Transferable Adversarial Attacks for Image and Video Object Detection
Xingxing Wei, Siyuan Liang, Ning Chen, Xiaochun Cao
TL;DR
The paper introduces Unified and Efficient Adversary (UEA), a GAN-based framework that quickly generates transferable adversarial images and video frames to attack both proposal-based and regression-based object detectors. By incorporating a multi-scale attention feature loss and a DAG-inspired misclassification objective within a conditional GAN, UEA achieves high transferability and orders-of-magnitude faster generation than prior optimization-based attacks. Experiments on PASCAL VOC and ImageNet VID demonstrate strong attack performance and efficiency for both image and video detection tasks. This work advances black-box robustness concerns for object detection and offers a practical benchmark for evaluating defenses across modalities and detector architectures.
Abstract
Adversarial examples have been demonstrated to threaten many computer vision tasks including object detection. However, the existing attacking methods for object detection have two limitations: poor transferability, which denotes that the generated adversarial examples have low success rate to attack other kinds of detection methods, and high computation cost, which means that they need more time to generate an adversarial image, and therefore are difficult to deal with the video data.
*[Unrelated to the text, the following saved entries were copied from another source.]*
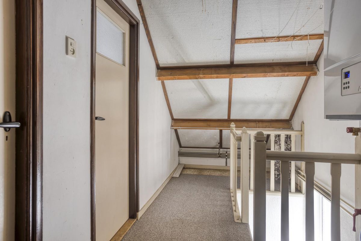 De overloop biedt toegang tot 3, in grootte variërende, slaapkamers en de badkamer. Met een vaste trap kun je naar de 2e verdieping. Alle drie de slaapkamers beschikken over vaste inbouwkasten. De derde slaapkamer is momenteel ingericht als wasruimte met de aansluitingen voor de wasmachine en droger. Vanuit deze kamer heb je toegang tot het plat dak.
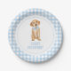 Aniversário do recuperador do ouro de filhotes de pré-disquete com arco azul e xadrez azul.
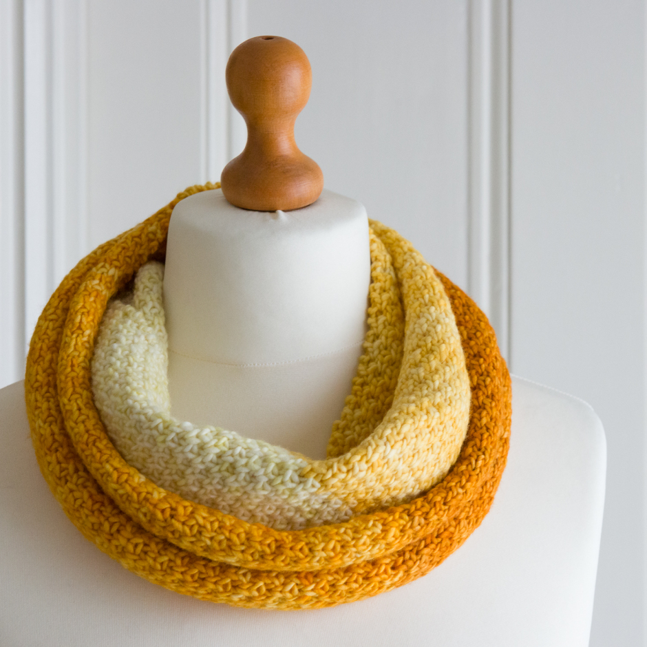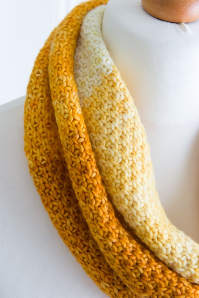 It was nice to work with Rowan’s Creative Focus Worsted again, although I was also happy to get back to my favourite Malabrigo Worsted Merino for my next cowl – a mini me version of the Shaded English Rose Tweed:
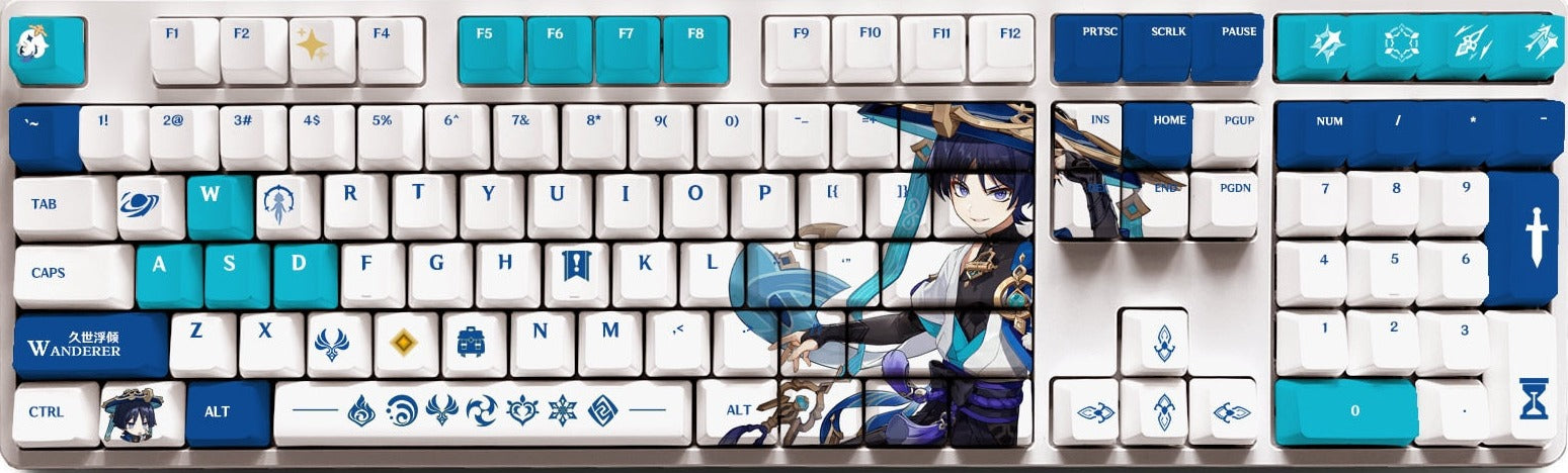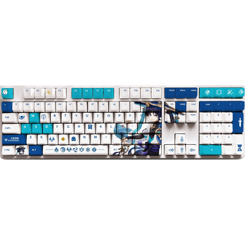 This mechanical keycaps set features various prints of Wanderer from the game "Genshin Impact" that are bound together with white and blue colouring.
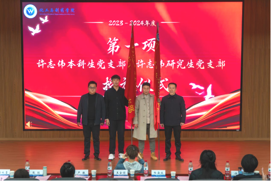 表彰大会上,校党委组织部副部长王金领、银河国际在线登录党委书记杨海波为许志伟研究生党支部、许志伟本科生党支部授旗。
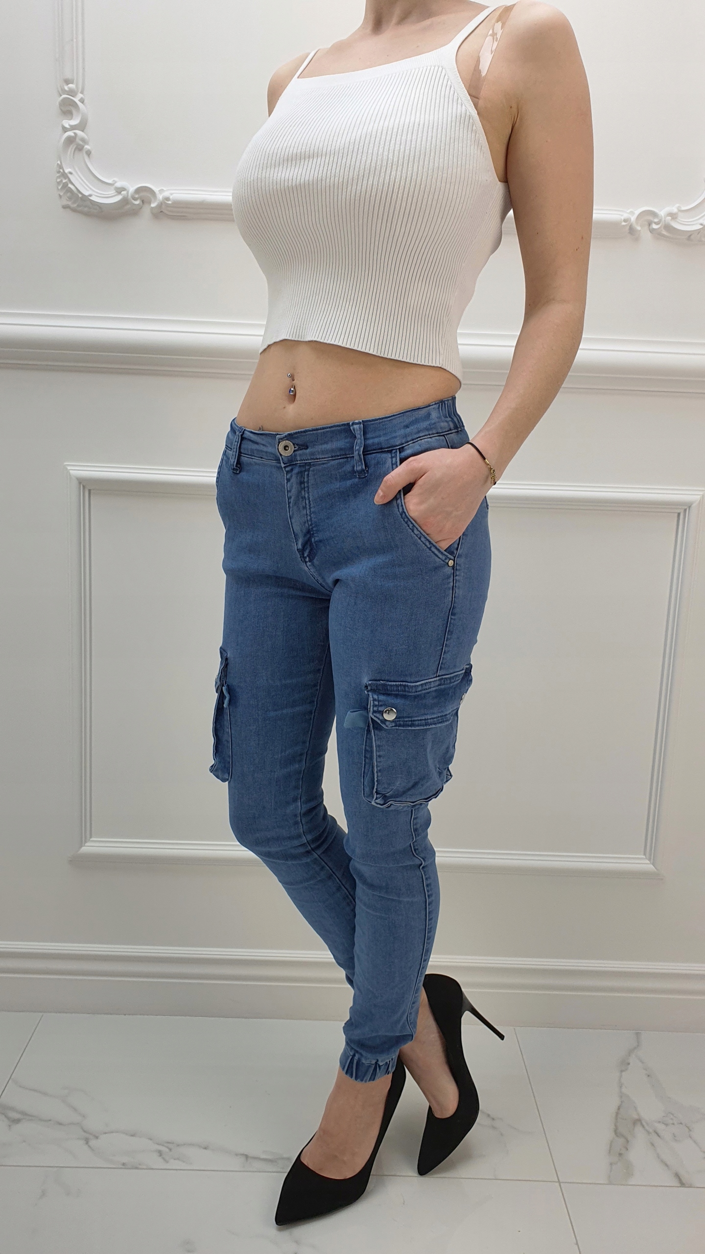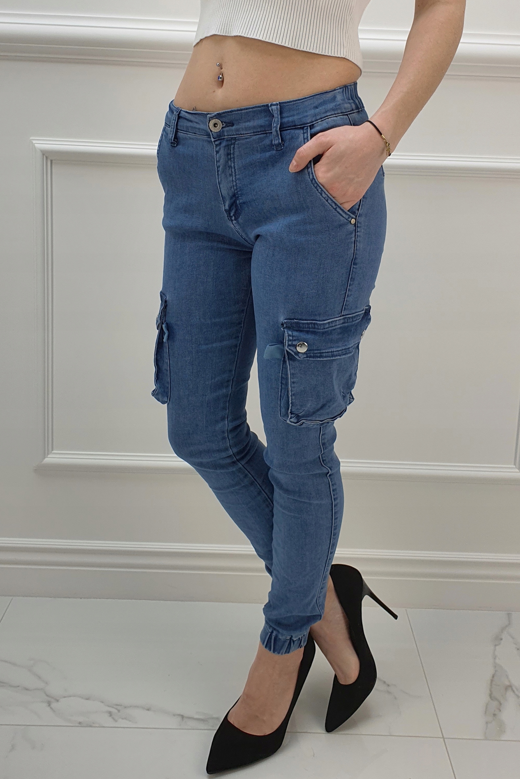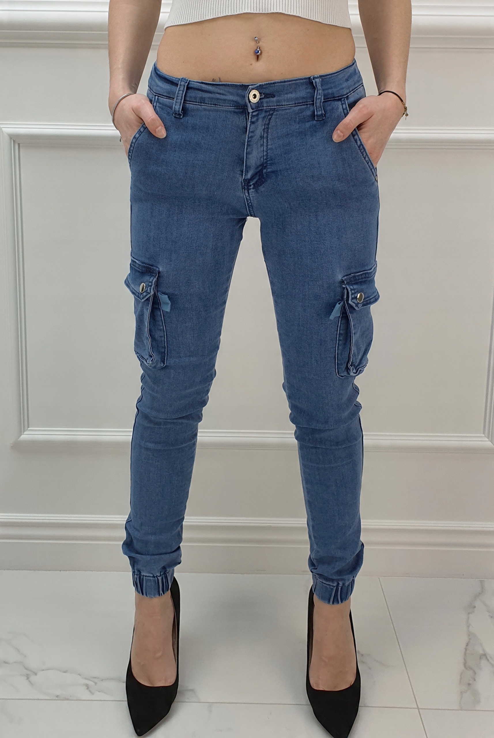 Джинсовые брюки Армейские брюки отлично подходят для спортивной обуви, но также идеальны в сочетании с ней. на высоком каблуке, благодаря своей универсальности, подходят практически к любому стилю. Гибкий материал подчеркивает женскую фигуру. Брюки приталенные и тянутся. Подчеркните свои женственные формы! Сделайте свой повседневный образ уникальным. Брюки имеют карманы с обеих сторон.
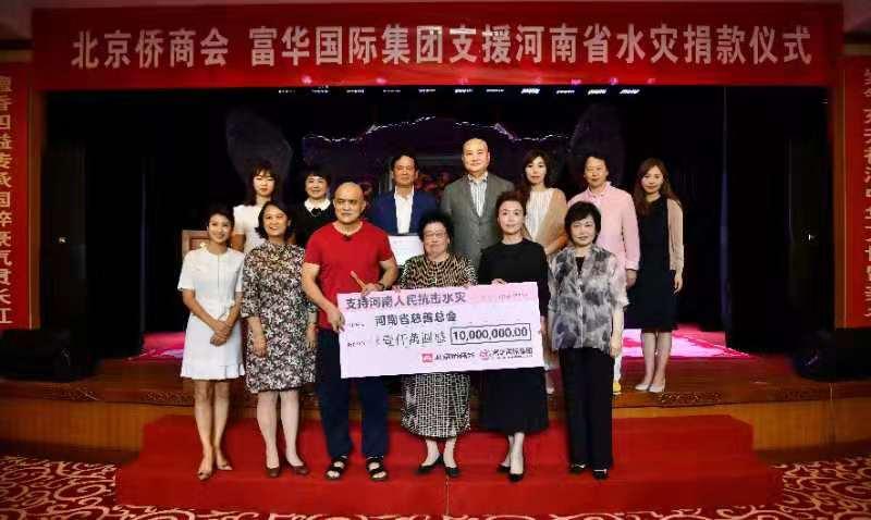 7月30日,中国侨商联合会荣誉会长单位、富华国际集团向河南灾区捐款仪式在中国紫檀博物馆举行。中国侨联副秘书长、经济科技部部长赵红英,河南省驻京办副主任孙兰红,中国侨商联合会荣誉会长、富华国际集团董事局主席陈丽华,中国侨商联合会常务副会长、富华国际集团总裁赵勇等出席捐款仪式。
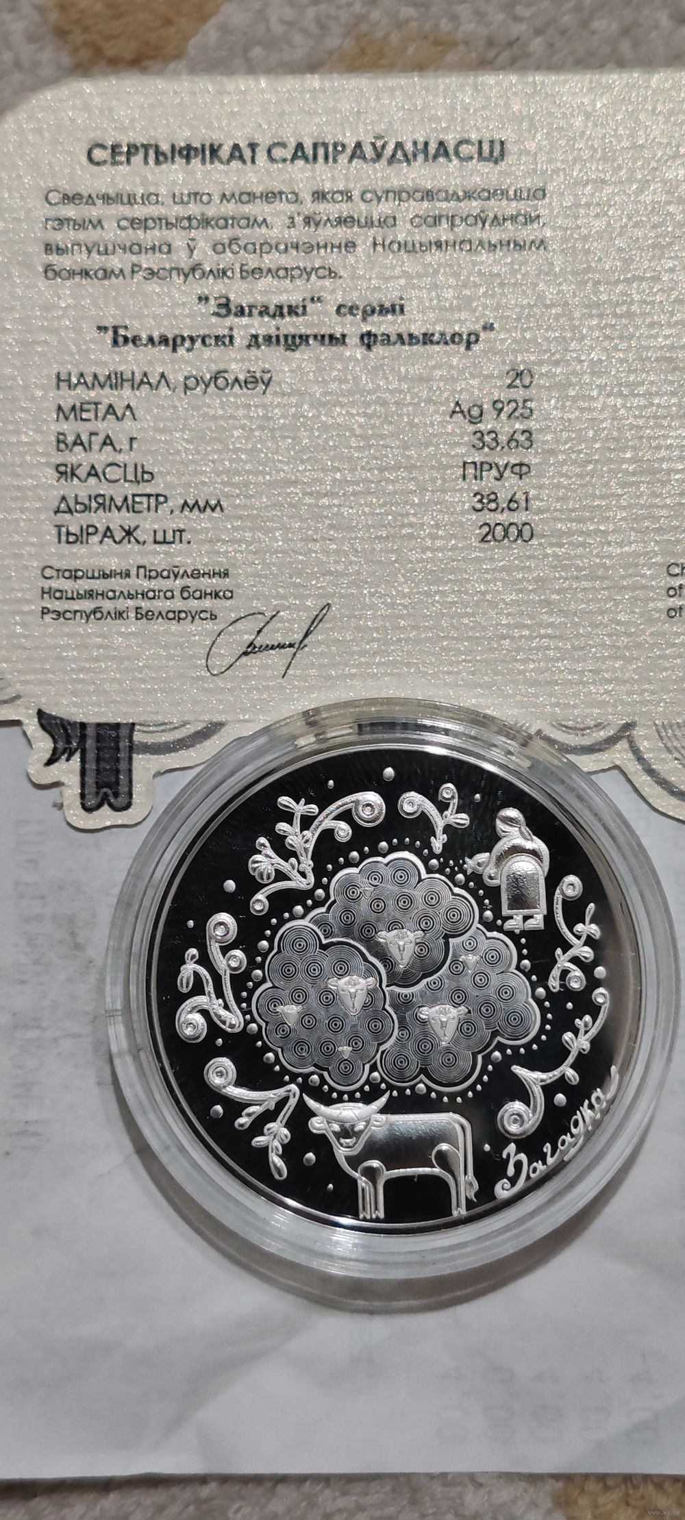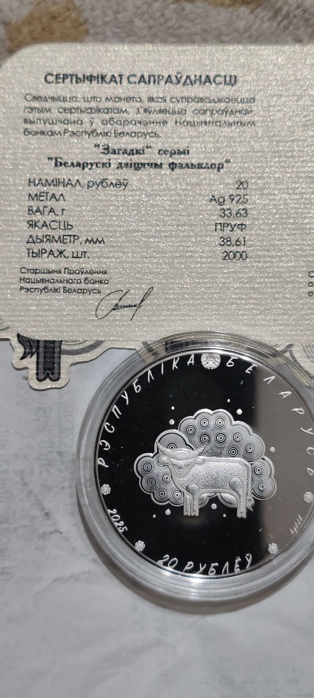 20 рублей 2025. Загадки серии белорусский детский фольклор. Республика Беларусь серебро

To address these issues, we utilize a generative mechanism to obtain the adversarial image and video. In this way, the processing time is reduced. To enhance the transferability, we destroy the feature maps extracted from the feature network, which usually constitutes the basis of object detectors. The proposed method is based on the Generative Adversarial Network (GAN) framework, where we combine the high-level class loss and low-level feature loss to jointly train the adversarial example generator. A series of experiments conducted on PASCAL VOC and ImageNet VID datasets show that our method can efficiently generate image and video adversarial examples, and more importantly, these adversarial examples have better transferability, and thus, are able to simultaneously attack two kinds of representative object detection models: proposal based models like Faster-RCNN, and regression based models like SSD.